#### GIVEN DATA ####

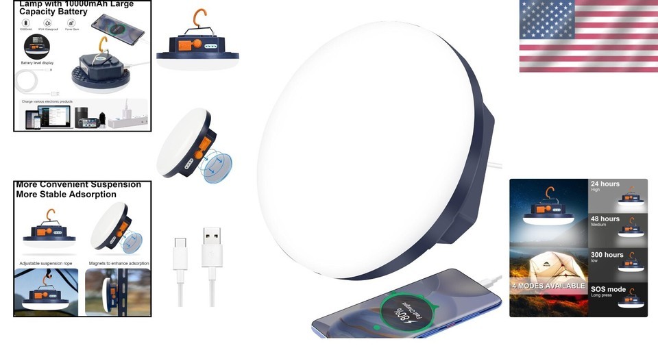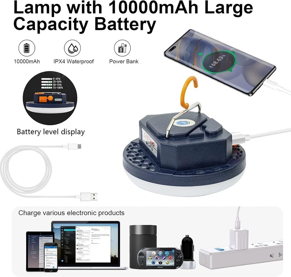 Bright Waterproof Camping Lantern with 10000mAh Battery & Adjustable Settings
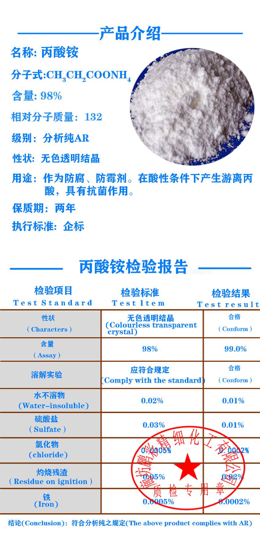 关键字: 分析纯丙酸铵;试剂级丙酸铵;丙酸铵;
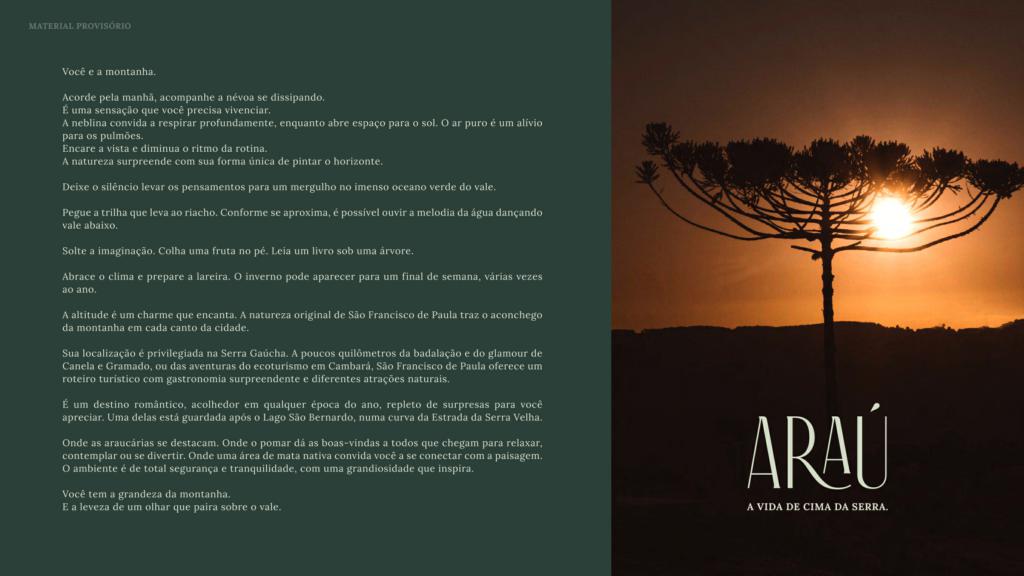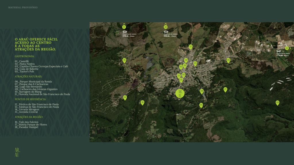 LANÇAMENTO: Primeiro Condomínio Fechado dos Campos em cima da Serra o Araú. O Araú oferece fácil acesso ao Centro e a todas as atrações da Reagião. Um Condomínio Fechado que oferece a mais completa infraestrutura de segurança e lazer, em uma localização privilegiada, muito próximo ao Centro de São Francisco de Paula.

####

REQUIREMENT
Starting with the line that contains "关键字: 分析纯丙酸铵;试剂级丙酸铵;丙酸铵;", repeat each line exactly through the last line of the data above, and nothing more; the pictures stay out.

OUTPUT FOR THIS TASK
 关键字: 分析纯丙酸铵;试剂级丙酸铵;丙酸铵;
 LANÇAMENTO: Primeiro Condomínio Fechado dos Campos em cima da Serra o Araú. O Araú oferece fácil acesso ao Centro e a todas as atrações da Reagião. Um Condomínio Fechado que oferece a mais completa infraestrutura de segurança e lazer, em uma localização privilegiada, muito próximo ao Centro de São Francisco de Paula.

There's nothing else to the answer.